CVX: quarterly profit jumps 13%. From Reuters:
The company posted net income of $5.59 billion, or $2.95 per share, compared with $4.95 billion, or $2.57 per share, in the year-ago period.
Production fell nearly 1 percent to 2.57 million barrels of oil equivalent per day as new wells failed to offset declines at old wells.
XOM: quarterly profit rises 3%. From Reuters:
Profit in the third quarter rose to $8.07 billion, or $1.89 per share, from $7.87 billion, or $1.79 per share in the year-ago period.
Analysts, on average, expected a profit of $1.71 per share.
Oil and gas production fell 4.7 percent. Exxon said it remained on track for full-year output of 4 million barrels oil equivalent per day (boed).
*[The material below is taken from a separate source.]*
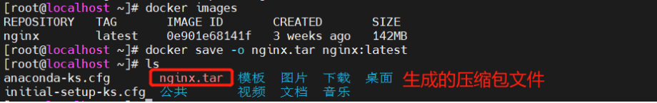 docker save -o 镜像文件.tar 镜像名称:标签 #生成镜像文件
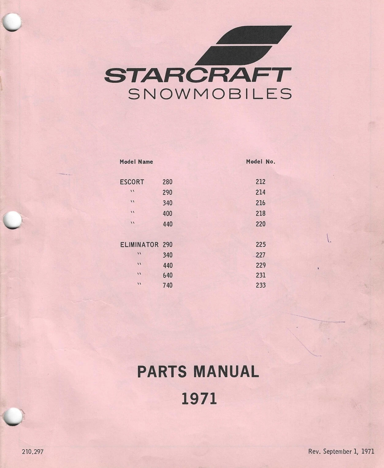 1971 STARCRAFT SNOWMOBILE MODELS

MMP: beats by a nickel; shares rise nicely. Press release

Genesee and Wyoming had a great quarter. The AP is reporting:
On a per-share basis, the Darien, Connecticut-based company said it had net income of $1.27. Earnings, adjusted for non-recurring gains, were $1.21 per share.
The results beat Wall Street expectations. The average estimate of analysts surveyed by Zacks Investment Research was for earnings of $1.17 per share.
The railroad operator posted revenue of $432.5 million in the period, also surpassing Street forecasts. Analysts expected $424.5 million, according to Zacks.